Patriot Coal Corp. has lined up a deal to sell most of its operating mines to Blackhawk Mining LLC.

Blackhawk is offering to swap out some of Patriot Coal’s funded debt, which tops $791 million, for new debt securities totaling about $643 million and a slice of equity.

The proposed transaction involves rights offerings to raise up to $50 million for a new Blackhawk company to be created as part of a chapter 11 plan, Patriot’s second of recent years.

Patriot passed through bankruptcy in 2012 and 2013 and emerged, only to retreat to chapter 11 again in May, blaming low demand for coal.

Patriot President and Chief Executive Bob Bennett said, “We feel strongly that the proposed transaction with Blackhawk is in the best interest of Patriot, and its employees and stakeholders.”

The new company to be created out of the proposed deal won’t be taking on Patriot’s contracts with the United Mine Workers of America, its obligations to retirees or its employee-benefit plans, court papers say.

The offer was outlined in papers filed in the U.S. Bankruptcy Court in Richmond, Va., hours ahead of a key hearing for cash-strapped Patriot.

The company is due in court Wednesday to seek final approval of $100 million bankruptcy financing that puts it on the fast track to a sale. Unsecured creditors and lenders left outside the deal negotiations have questioned the bankruptcy financing package.

Patriot’s offer from privately owned Blackhawk speeds up the timeline required by the financing, requiring a sale to close by Sept. 25 if the deal is to hold.

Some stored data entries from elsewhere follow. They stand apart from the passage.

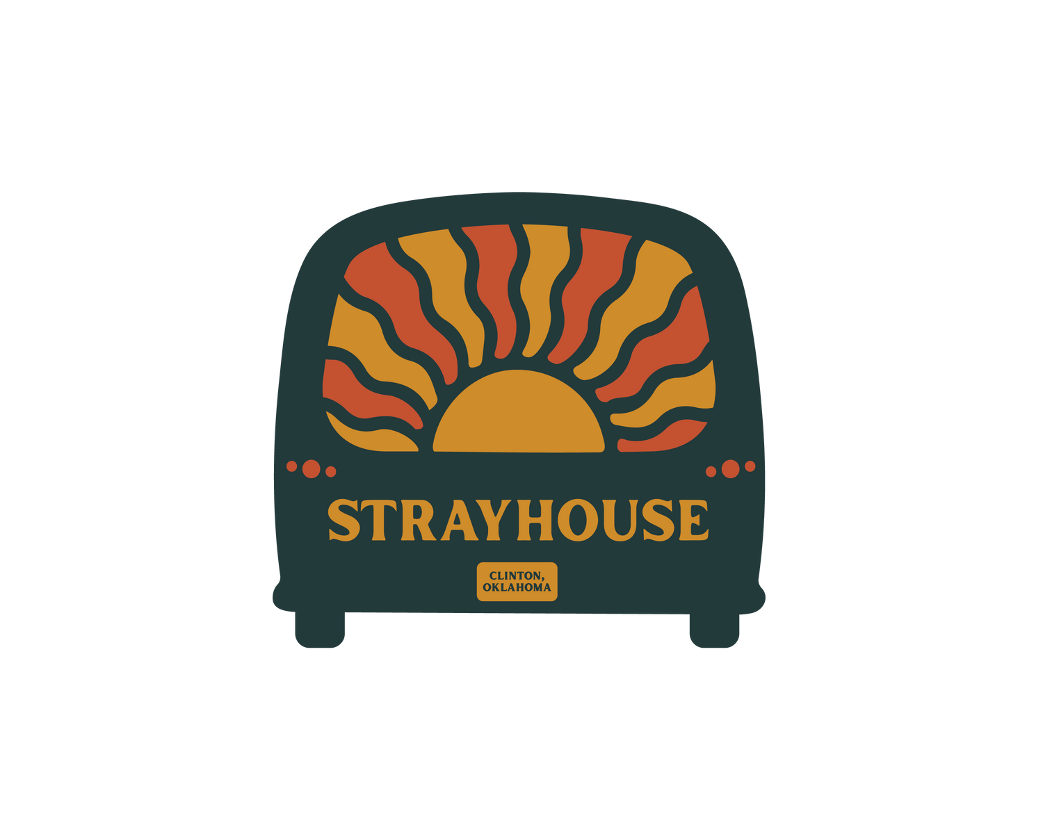 With the motto, "Stray Awhile.", what used to be a mobile coffee trailer is now a vibrant coffee house and restaurant in Clinton, OK. We combined their origins of a mobile coffee trailer with iconic sunsets in western Oklahoma.
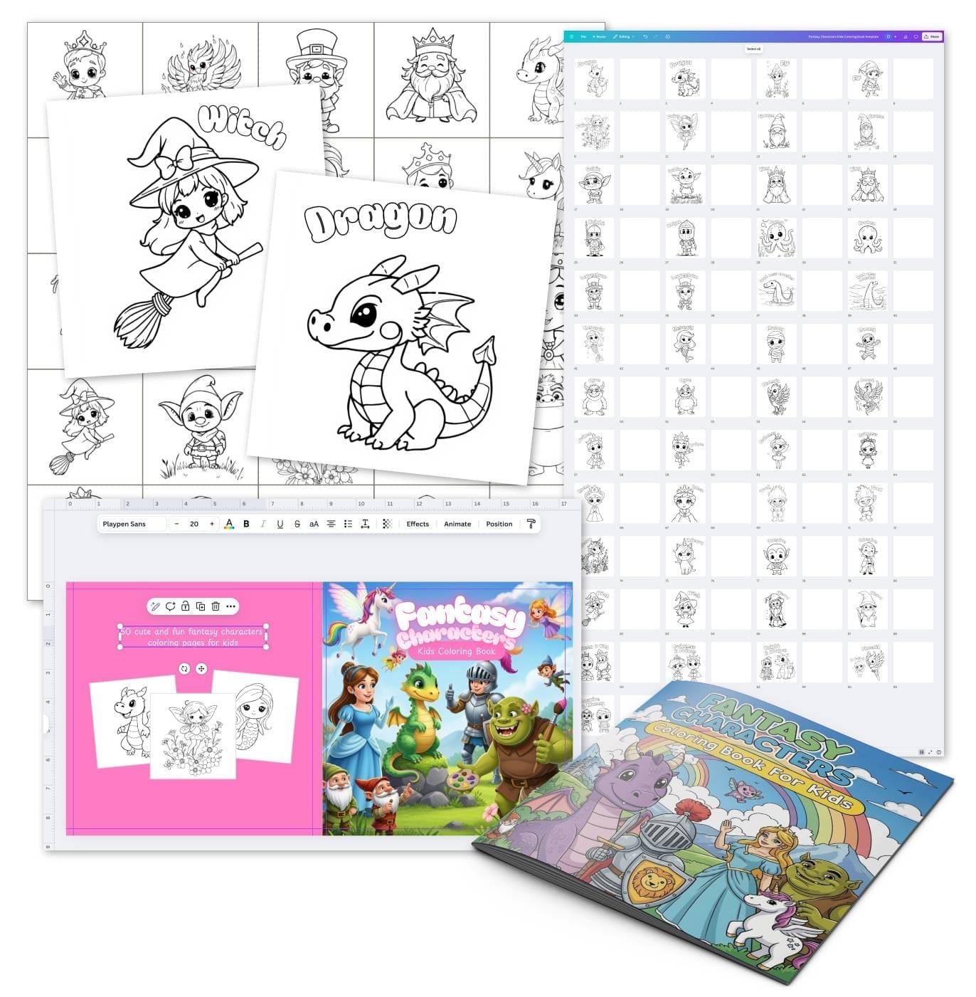 This is a BRAND NEW Fantasy themed coloring book toolkit, that comes with coloring pages, AI prompts, Canva book template, and more.
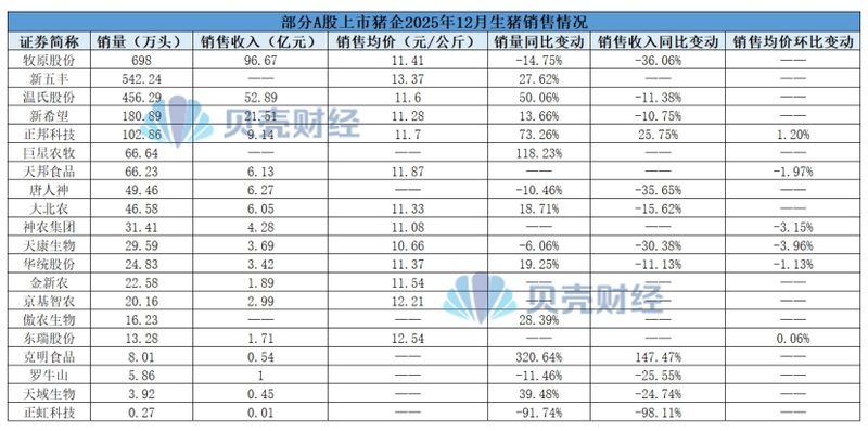 部分A股上市猪企2025年12月生猪销售情况。新京报贝壳财经记者阎侠制图
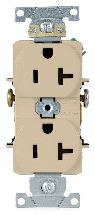 The Leviton 5342-I is a heavy-duty straight blade duplex receptacle. This device operates at one hundred twenty-five volts and supports a maximum amperage of twenty amps. It is suitable for various applications including commercial use. Designed from durable thermoplastic nylon, this receptacle offers reliable performance in demanding environments.

Blackhawk will acquire complexes known as Panther, Rock Lick, Wells, Kanawha Eagle, Midland Trail/Blue Creek and Paint Creek, as well as the Stanley Fork, Cub Branch and the Franco preparation plant and load-out in Logan County, and all controlled river docks.

Not included in the sale to Blackhawk are Patriot’s Federal Complex in northern West Virginia and some other assets. They will be sold separately.

If other bids emerge, Blackhawk’s offer will be tested at an auction in August. Patriot is offering Blackhawk a $19 million breakup fee and up to $5 million of expenses as consolation if there is a competition and Blackhawk is beaten.

According to court papers, the transaction came together in negotiations that included senior lenders and holders of second-lien debt. Knighthead Capital Management, LLC, Caspian Capital LP and Davidson Kempner Capital Management LP are among the investment funds involved in the deal.